Dans ce contexte, l’emploi dans l’industrie technologique devrait encore augmenter de 3.100 unités en 2022, mais Agoria avait tablé début février, avant l’invasion russe, sur une croissance de 7.000 emplois cette année. Surtout, en 2023, l’emploi dans le secteur reculerait même de 2.000 unités, selon Agoria qui craint que le secteur soit tout simplement à l’arrêt, de même que ses investissements. En 2021, 8.500 emplois supplémentaires avaient été pourvus, dans l’industrie technologique belge.

Et le taux d’utilisation des capacités de production, qui avait atteint un niveau quasi-record de 83% au premier trimestre, risque de passer sous le seuil de 80% en dessous duquel, habituellement, les entreprises cessent d’investir.
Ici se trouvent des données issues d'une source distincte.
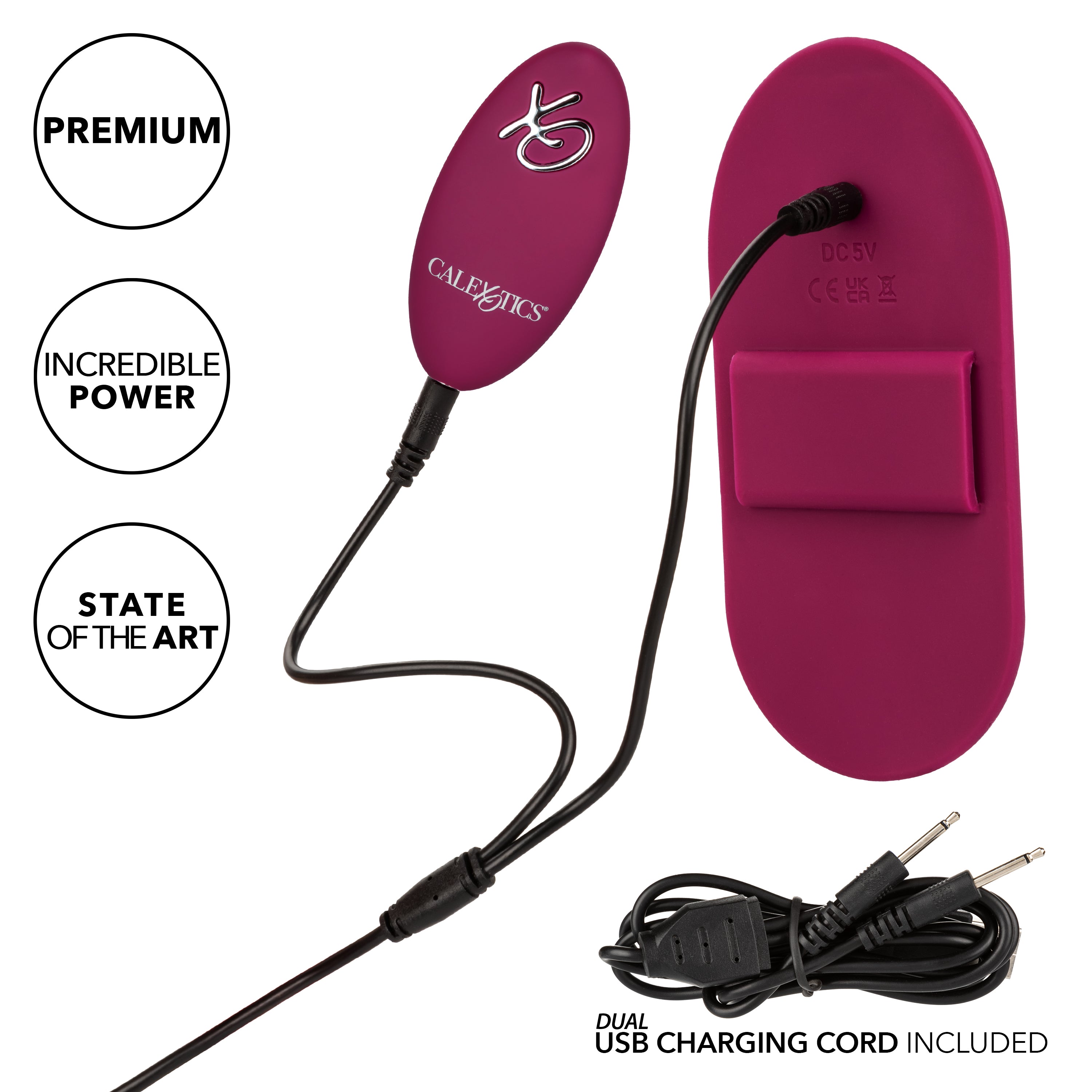 The Dual Rider is as convenient as it is thrilling. It comes with a dual charging cord for the massager and remote, achieving a full charge in just 1.5 hours. Enjoy up to 90 minutes of play on low speed or 50 minutes on high. It also includes a state-of-the-art memory chip that cleverly resumes on the last function used, and a security of a travel lock feature for worry-free transport. Unleash your desires and let the Dual Rider® Remote Control Grinder take the reins.

Un nouveau point de basculement, aux yeux d’Agoria.

Au cours d’une conférence de presse, la fédération sectorielle a avancé trois conditions essentielles pour assurer l’ancrage de l’industrie en Belgique: un environnement et des infrastructures compétitifs, la disponibilité d’employés talentueux, et la proximité de pôles de recherche et de développement. Or, “ces trois éléments sont sous pression”, alerte Bart Steukers.

Agoria plaide en outre pour “une adaptation structurelle du système d’indexation automatique” des salaires, souhaite une baisse du prix de l’énergie, par le biais notamment d’accords à long terme avec des pays exportateurs de gaz (Norvège, États-Unis, Qatar), et demande le maintien du régime fiscal belge en matière de recherche et du développement, qualifié de véritable atout pour le secteur. Il est aussi demandé aux différents niveaux de pouvoirs de s’abstenir de toute nouvelle augmentation des charges imposées aux entreprises.

Le secteur des technologies emploie 324.000 personnes en Belgique, en sus d’un nombre équivalent d’emplois indirects.